What are the most intuitive gestures for this application
What level of accuracy is required in this gesture recognition technology?
Evaluation Criteria:
Feasibility: If this gestural interaction can be completed with minimal hiccups and the interactions are easily understood.
Usability: Ensure that the user can perform all of the tasks accurately and without significant delay just by using their hand in the air.
Video of User Testing
Analysis and Reflection
We felt that our Wizard of Oz prototype went pretty well as most of our participants were able to successfully do the gesture without the facilitator telling them. The environmental setup was simple so the participants wouldn’t feel overcrowded or intimidated. According to our success criteria, feasibility, and usability, our gestures were very easy to figure out and our Wizard did a good job by not having a significant delay when a participant made a gesture.
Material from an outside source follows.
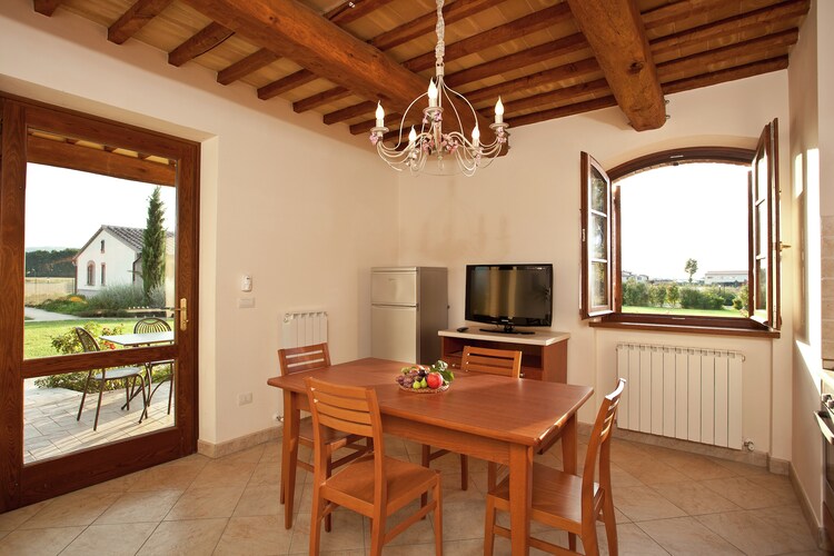 De landelijke vakantiewoning is voorzien van een grote tuin die wordt gedeeld met andere gasten. Er is een balkon en een parkeerplaats voor de auto aanwezig. Het gedeelde zwembad is geopend van mei t/m september en er zijn speeltoestellen voor kinderen.

The prototype was effective in achieving the initial goal that we set out to achieve, which was to test the “most intuitive” gestures. We found that overall, the participants had the easiest time intuitively coming up with and understanding the gestures for increasing/decreasing the volume. They all did the same gesture (raising/lowering their hand) and that gesture was the one that we had initially predicted to be the most intuitive. Comparatively, all three users had a different gesture for play/pause.
After presenting in class, feedback indicated that our simulated gesture recognition experience effectively mirrored our envisioned technology, prompting genuine reactions from participants. However, some users were confused when gestures didn't produce the expected results, emphasizing the need for clearer instructions. For example, one participant initially attempted trackpad gestures instead of in-air gestures, highlighting the necessity for clearer guidance. Although participants had clear preferences for gestures, they struggled to devise alternative intuitive options, suggesting further exploration of gesture intuitiveness. Future iterations will involve more in-depth participant engagement and contextual guidance to enhance system clarity and effectiveness, such as considering the user's physical context (standing, in a car, etc.).